DATA SUPPLIED →
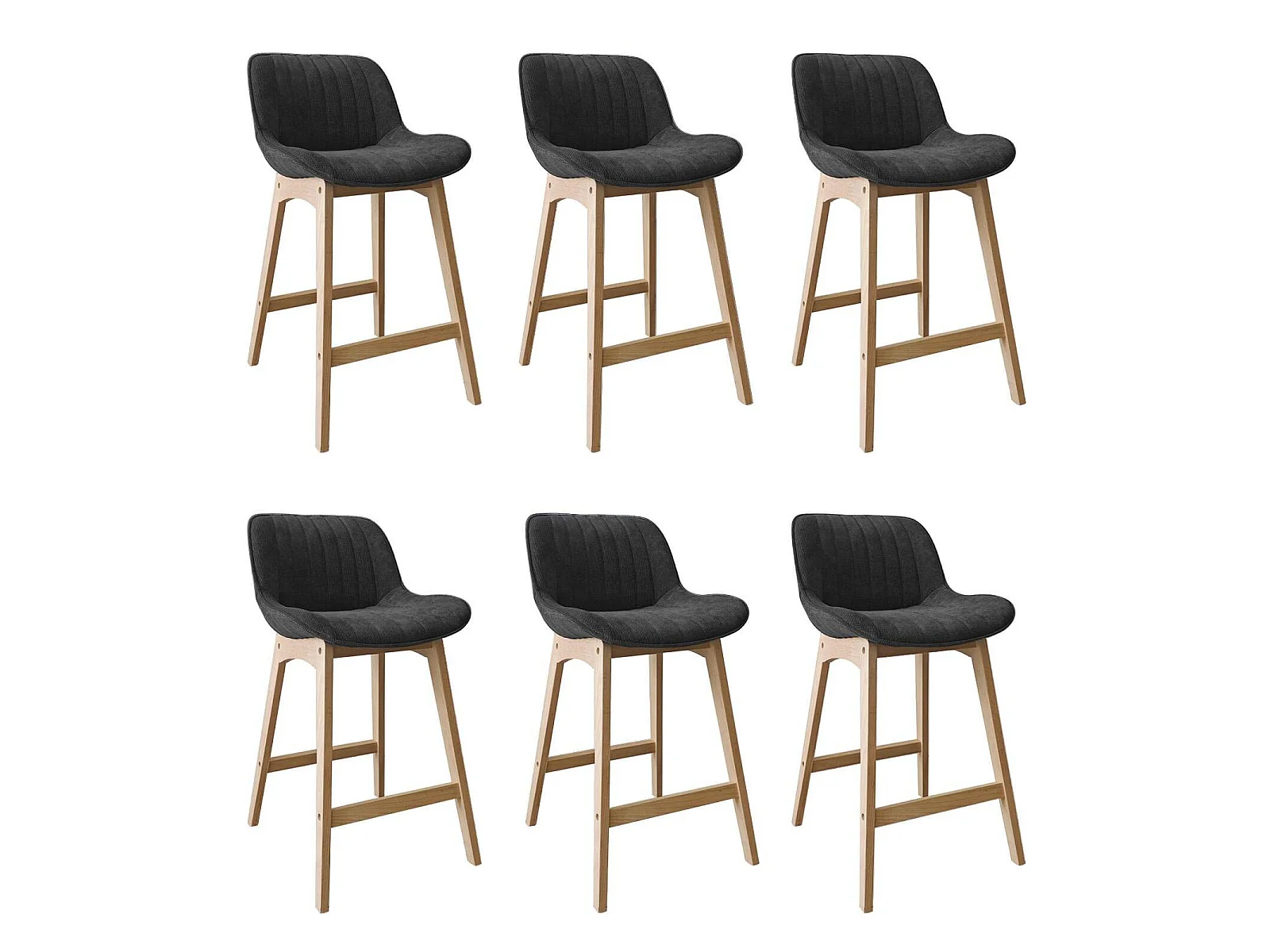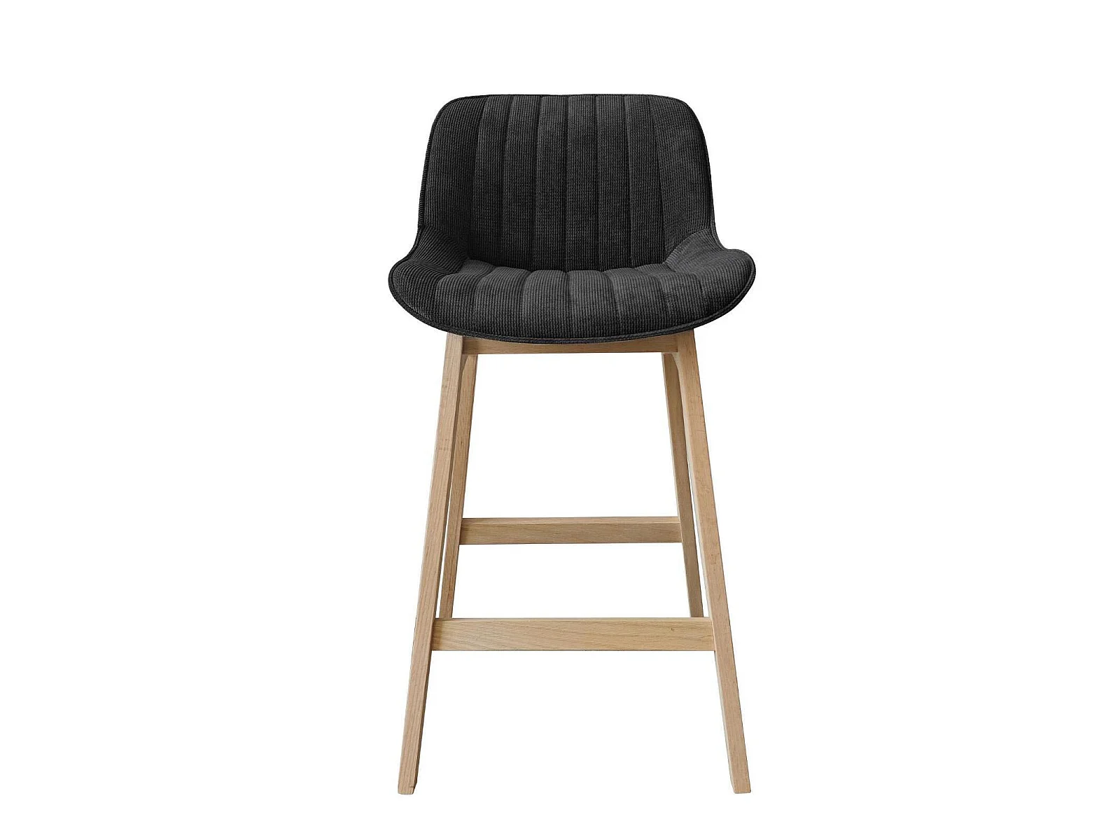 Conjunto de ilha e cadeiras de bar em carvalho NORDEN de 65 cm com assento em tecido de veludo cotelê
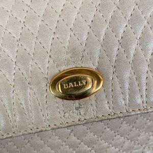 Authentic vintage Bally shoulder bag. Elegant Ivory tone quilted leather. Gold tone woven chain and leather shoulder strap and gold tone branded button closure. Interior is clean with one zippered pocket.
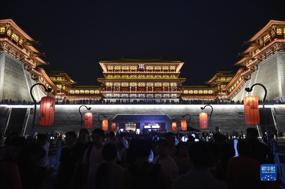 夏夜時(shí)分,河南省洛陽(yáng)市隋唐洛陽(yáng)城國(guó)家遺址公園應(yīng)天門(mén)遺址博物館燈火輝煌,熱鬧非凡,滿目的人間煙火再現(xiàn)千年古都繁華盛景。
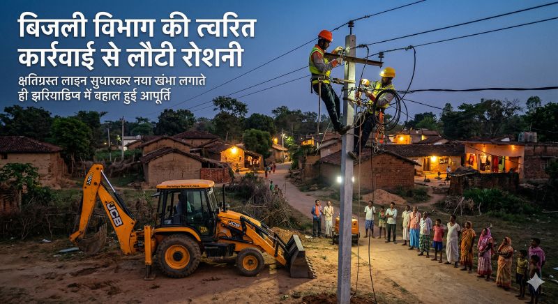 जशपुर : छत्तीसगढ़ स्टेट पावर डिस्ट्रीब्यूशन कंपनी लिमिटेड, कुनकुरी द्वारा त्वरित कार्रवाई करते हुए ग्राम झरियाडिप्पा में क्षतिग्रस्त विद्युत लाइन की सूचना प्राप्त होने पर बिजली लाइन को सुधारकर सुचारू रूप से बहाल कर दिया गया है। विद्युत विभाग के कुनकुरी कार्यपालन यंत्री ने बताया कि 22 मार्च 2026 की रात्रि में एक मकान निर्माण कार्य के दौरान जेसीबी मशीन से गिट्टी उठाने के समय लापरवाहीवस विद्युत खंभा क्षतिग्रस्त हो गया, जिससे विद्युत तार जमीन पर गिर गया। घटना की सूचना मिलते ही विद्युत विभाग का अमला तत्काल मौके पर पहुंचा और सुरक्षा की दृष्टि से लाइन को तुरंत बंद कर क्षेत्र को सुरक्षित किया गया। इसके पश्चात विभाग द्वारा क्षतिग्रस्त खंभे को हटाकर नया खंभा स्थापित किया गया तथा विद्युत लाइन को दुरुस्त कर पुनः चालू कर दिया गया। पूरी प्रक्रिया त्वरित एवं व्यवस्थित रूप से संपन्न की गई, जिससे क्षेत्र में विद्युत आपूर्ति शीघ्र बहाल हो सकी।
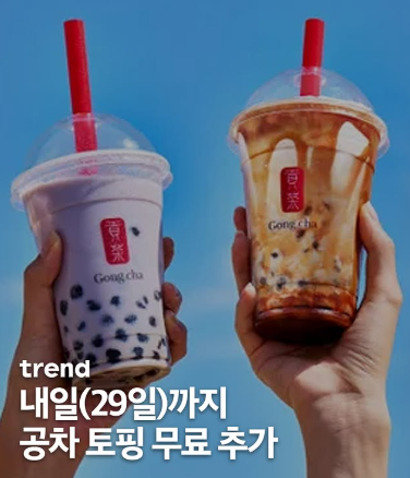 - 4월 28~29일, 오후 2~6시, 공차 매장에서 L사이즈 ICE 음료 주문 시 토핑 1종 무료
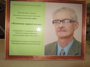 Выставка работ учащихся объединения дополнительного образования «Художественная фотография» (руководитель Ершов Н.И., педагог дополнительного образования МКОУ ДО «Дом детского творчества Можгинского района») под названием «Мгновения мирной жизни», посвященная 71 годовщине Победы Советского народа в Великой Отечественной войне 1941-1945 гг. открылась в здании Управления образования Администрации МО «Можгинский район». На выставке представлены работы детей и их руководителя, сделанные за учебный год.
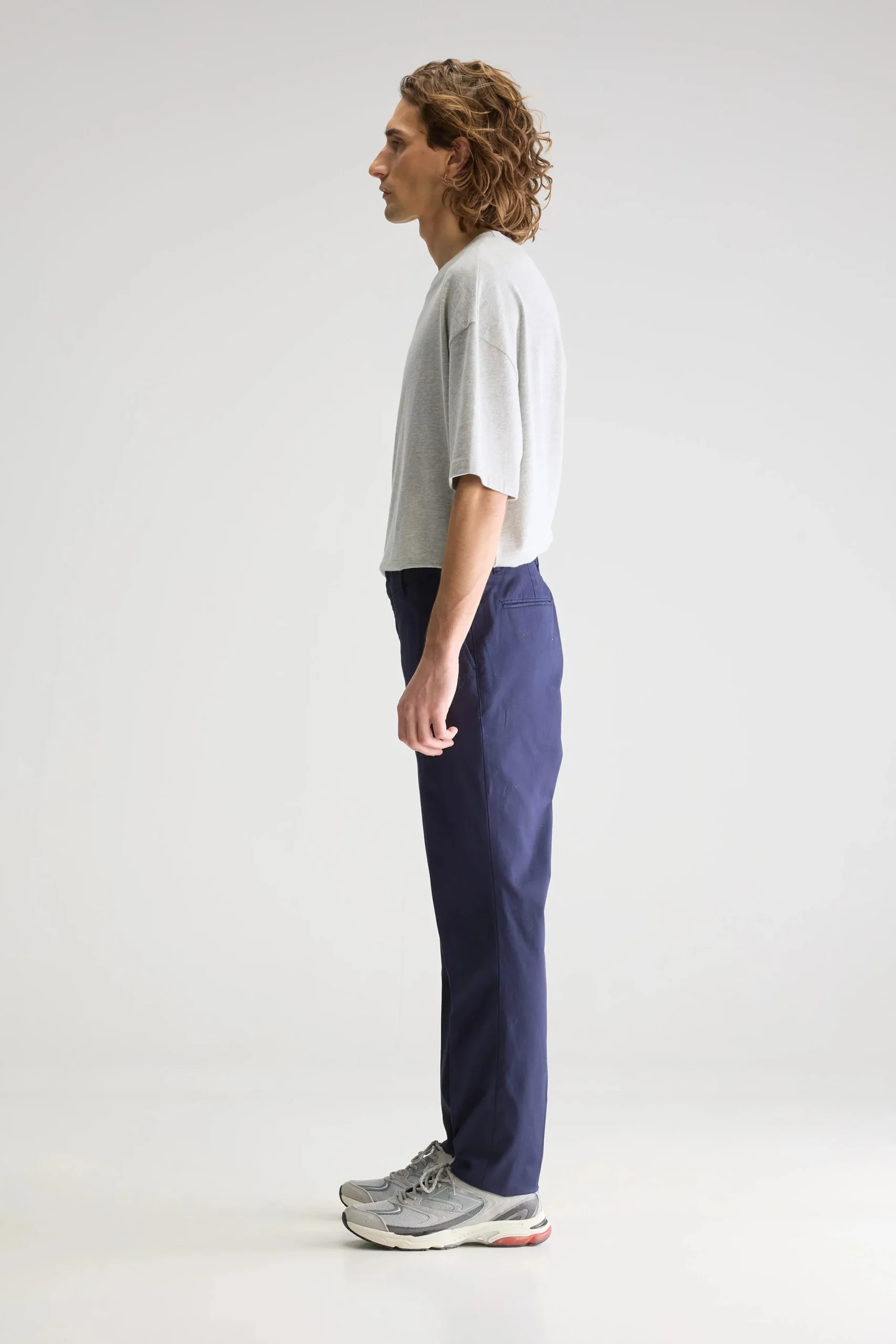 Slim fit formele broek met tapered pijpen en een clean profiel, gemaakt van geribde katoenmix in marineblauw.Slim fit pasvormLage taille, tapered pijpenClean profiel Lichte stretchBinnenbeenlengte: 34″ (gebaseerd op maat 42)De binnenbeenlengte past zich lichtjes aan afhankelijk van de gekozen maat, zodat de pasvorm proportioneel blijft.Zoom: 18 cm
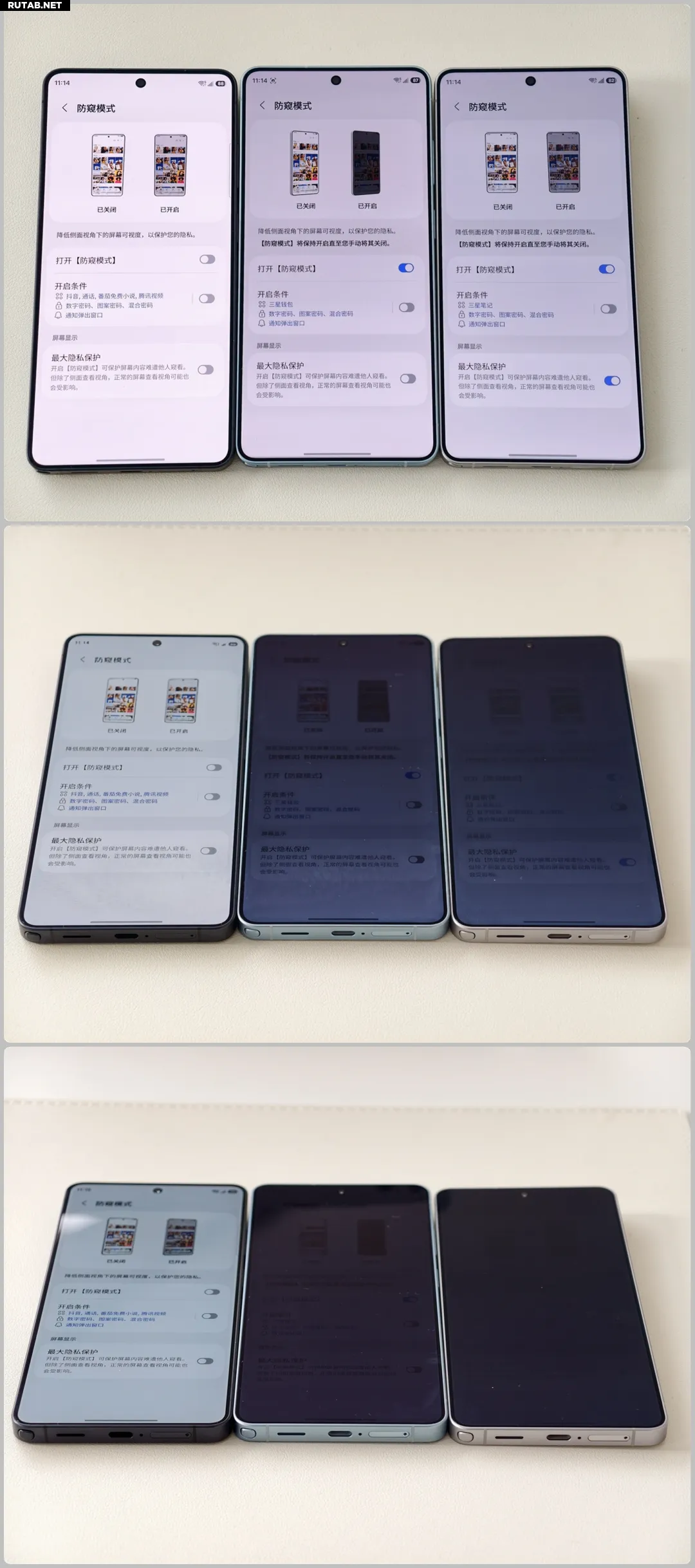 Во-первых, при активации этого режима экран со стороны выглядит так же, как с плёнкой, но защита работает эффективнее — блокируется обзор не только сбоку, но и сверху/снизу.
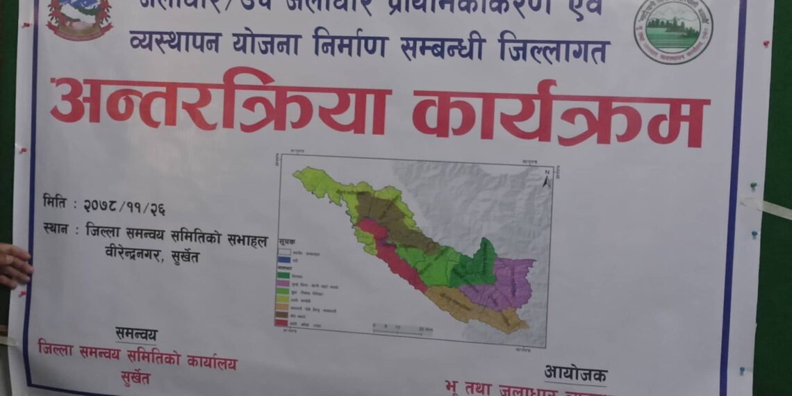 सुर्खेत। जलाधार, उपजलाधार प्राथमिकीकरण एवम् व्यवस्थापन योजना निर्माण सम्बन्धी जिल्लागत अन्तरक्रिया कार्यक्रम सुर्खेतमा आयोजना गरिएको छ । जिल्ला समन्वय समिति सुर्खेतको समन्वयमा भु तथा जलाधारा व्यवस्थापन कार्यालय सुर्खेतले अन्तरक्रिया कार्यक्रम गरेको हो ।जलाधार तथा उपजलाधारा क्षेत्रका विषयमा सुर्खेत जिल्लाको वस्तुस्थितिबारे जानकारी दिनुका साथै तीनवटै तहका सरकारको भूमिका, नीति निर्माण, योजना र कार्यान्वयनका सम्बन्धमा अन्तरक्रिया गर्ने उद्देश्यले कार्यक्रम आयोजना गरिएको भु संरक्षण तथा जलाधार व्यवस्थापन कार्यालयका प्रमुख शेर बहादुर श्रेष्ठले जानकारी दिए । श्रेष्ठका अनुसार अन्तरक्रिया कार्यक्रमबाट आगामी आर्थिक वर्षका लागि सुर्खेत जिल्लामा कार्यान्वयन गरिनुपर्ने आवश्यक योजनाका सम्बन्धमा समेत छलफल गरिएको छ ।
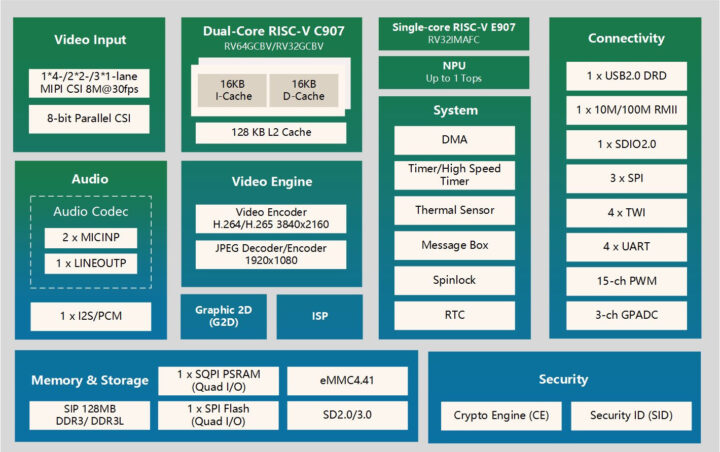 Selon cnx-software, l’Allwinner V861 est un nouveau système intégré (SiP) basé sur l’architecture RISC-V, offrant un processeur double cœur C907 et une capacité de traitement AI de 1 TOPS. Conçu pour les applications de caméras 4K, ce SoC comprend également 128 Mo de mémoire DDR3L sur puce, soulignant son potentiel dans le domaine de l’intelligence artificielle.

WORK REQUIRED →
Give every entry above again, exactly, and keep all pictures out of it.

SOLUTION BELOW →
 Conjunto de ilha e cadeiras de bar em carvalho NORDEN de 65 cm com assento em tecido de veludo cotelê
 Authentic vintage Bally shoulder bag. Elegant Ivory tone quilted leather. Gold tone woven chain and leather shoulder strap and gold tone branded button closure. Interior is clean with one zippered pocket.
 夏夜時(shí)分,河南省洛陽(yáng)市隋唐洛陽(yáng)城國(guó)家遺址公園應(yīng)天門(mén)遺址博物館燈火輝煌,熱鬧非凡,滿目的人間煙火再現(xiàn)千年古都繁華盛景。
 जशपुर : छत्तीसगढ़ स्टेट पावर डिस्ट्रीब्यूशन कंपनी लिमिटेड, कुनकुरी द्वारा त्वरित कार्रवाई करते हुए ग्राम झरियाडिप्पा में क्षतिग्रस्त विद्युत लाइन की सूचना प्राप्त होने पर बिजली लाइन को सुधारकर सुचारू रूप से बहाल कर दिया गया है। विद्युत विभाग के कुनकुरी कार्यपालन यंत्री ने बताया कि 22 मार्च 2026 की रात्रि में एक मकान निर्माण कार्य के दौरान जेसीबी मशीन से गिट्टी उठाने के समय लापरवाहीवस विद्युत खंभा क्षतिग्रस्त हो गया, जिससे विद्युत तार जमीन पर गिर गया। घटना की सूचना मिलते ही विद्युत विभाग का अमला तत्काल मौके पर पहुंचा और सुरक्षा की दृष्टि से लाइन को तुरंत बंद कर क्षेत्र को सुरक्षित किया गया। इसके पश्चात विभाग द्वारा क्षतिग्रस्त खंभे को हटाकर नया खंभा स्थापित किया गया तथा विद्युत लाइन को दुरुस्त कर पुनः चालू कर दिया गया। पूरी प्रक्रिया त्वरित एवं व्यवस्थित रूप से संपन्न की गई, जिससे क्षेत्र में विद्युत आपूर्ति शीघ्र बहाल हो सकी।
 - 4월 28~29일, 오후 2~6시, 공차 매장에서 L사이즈 ICE 음료 주문 시 토핑 1종 무료
 Выставка работ учащихся объединения дополнительного образования «Художественная фотография» (руководитель Ершов Н.И., педагог дополнительного образования МКОУ ДО «Дом детского творчества Можгинского района») под названием «Мгновения мирной жизни», посвященная 71 годовщине Победы Советского народа в Великой Отечественной войне 1941-1945 гг. открылась в здании Управления образования Администрации МО «Можгинский район». На выставке представлены работы детей и их руководителя, сделанные за учебный год.
 Slim fit formele broek met tapered pijpen en een clean profiel, gemaakt van geribde katoenmix in marineblauw.Slim fit pasvormLage taille, tapered pijpenClean profiel Lichte stretchBinnenbeenlengte: 34″ (gebaseerd op maat 42)De binnenbeenlengte past zich lichtjes aan afhankelijk van de gekozen maat, zodat de pasvorm proportioneel blijft.Zoom: 18 cm
 Во-первых, при активации этого режима экран со стороны выглядит так же, как с плёнкой, но защита работает эффективнее — блокируется обзор не только сбоку, но и сверху/снизу.
 सुर्खेत। जलाधार, उपजलाधार प्राथमिकीकरण एवम् व्यवस्थापन योजना निर्माण सम्बन्धी जिल्लागत अन्तरक्रिया कार्यक्रम सुर्खेतमा आयोजना गरिएको छ । जिल्ला समन्वय समिति सुर्खेतको समन्वयमा भु तथा जलाधारा व्यवस्थापन कार्यालय सुर्खेतले अन्तरक्रिया कार्यक्रम गरेको हो ।जलाधार तथा उपजलाधारा क्षेत्रका विषयमा सुर्खेत जिल्लाको वस्तुस्थितिबारे जानकारी दिनुका साथै तीनवटै तहका सरकारको भूमिका, नीति निर्माण, योजना र कार्यान्वयनका सम्बन्धमा अन्तरक्रिया गर्ने उद्देश्यले कार्यक्रम आयोजना गरिएको भु संरक्षण तथा जलाधार व्यवस्थापन कार्यालयका प्रमुख शेर बहादुर श्रेष्ठले जानकारी दिए । श्रेष्ठका अनुसार अन्तरक्रिया कार्यक्रमबाट आगामी आर्थिक वर्षका लागि सुर्खेत जिल्लामा कार्यान्वयन गरिनुपर्ने आवश्यक योजनाका सम्बन्धमा समेत छलफल गरिएको छ ।
 Selon cnx-software, l’Allwinner V861 est un nouveau système intégré (SiP) basé sur l’architecture RISC-V, offrant un processeur double cœur C907 et une capacité de traitement AI de 1 TOPS. Conçu pour les applications de caméras 4K, ce SoC comprend également 128 Mo de mémoire DDR3L sur puce, soulignant son potentiel dans le domaine de l’intelligence artificielle.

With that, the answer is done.